Throwing a wrap over her evening gown, Stephanie hurried out and into Pendleton's car, which was standing at the curb. He sprang after, opened the throttle and they whirled away.
"How long will it take to get to the Hospital?" she asked.
"About fifteen minutes—if we are not held up by traffic when we come off the Boulevard."
"I suppose I ought not to feel indifferent at such a time," she said presently. "But I do—and I won't hide that I do. I'll try to meet what the occasion demands but nothing more. If he still wants me, I'll go to him. If he is conscious and hasn't asked for me again, I'll come away. It will be a relief to come away. I have no longer any duty to him. At least I feel that I haven't—and so why pretend the one or do the other?"
"Would you rather not go?" he asked, slowing down.
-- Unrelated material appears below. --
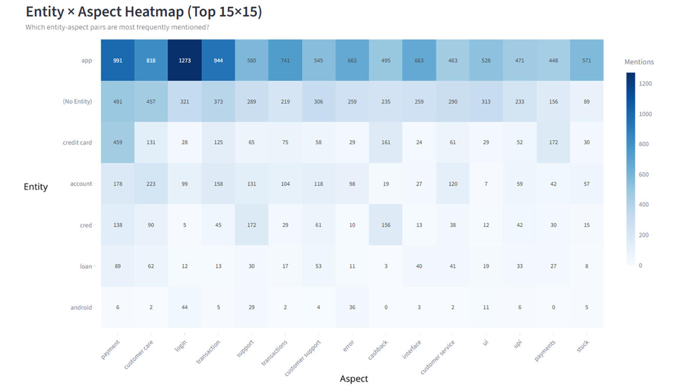 Finlytix identifies the most active entity–aspect combinations across cards, banking, lending and UPI, surfacing early failure patterns and sentiment shifts long before they appear in complaints or performance metrics.

"I would much rather not go," she replied—"but I'm going just because I'm not sure of my duty in the matter. I swore at our marriage to love, honor and cherish him. I don't love him—I think I never honored him—I'm not sure that it will do any good for me to cherish him—but I'll try to be kind while his life is in danger—when the danger has passed, the cherishing shall cease." She stole a look at the man beside. "A queer philosophy, you think doubtless—and possibly it is; but toward some few people, my husband among them, I have as much feeling as a piece of marble—rather less indeed. Don't try to understand me, Montague—you can't; I don't understand myself."
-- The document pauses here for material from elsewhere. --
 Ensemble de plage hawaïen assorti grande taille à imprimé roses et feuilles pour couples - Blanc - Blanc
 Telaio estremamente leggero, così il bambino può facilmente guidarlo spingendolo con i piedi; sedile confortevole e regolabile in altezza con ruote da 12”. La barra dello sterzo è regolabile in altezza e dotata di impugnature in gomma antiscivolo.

She was overwrought, he saw. This sudden call to confront a condition such as she had never anticipated—the distressing fact that Lorraine, injured maybe unto death, had asked for her—had stretched her nerves to attenuation.
It was not for him to tell her what she should do. In truth, he did not know. The one thing that made it difficult was Lorraine's request. If it were not for that he would not have hesitated. But it is hard to refuse a dying man—or one who may be dying.
"Steady yourself, Stephanie!" he said, as the car ran in under the porte cochere of the Hospital.
"I am steadied," she answered. "I'll be all right when we enter—I'm not going to collapse or shriek or make a scene, you may be sure."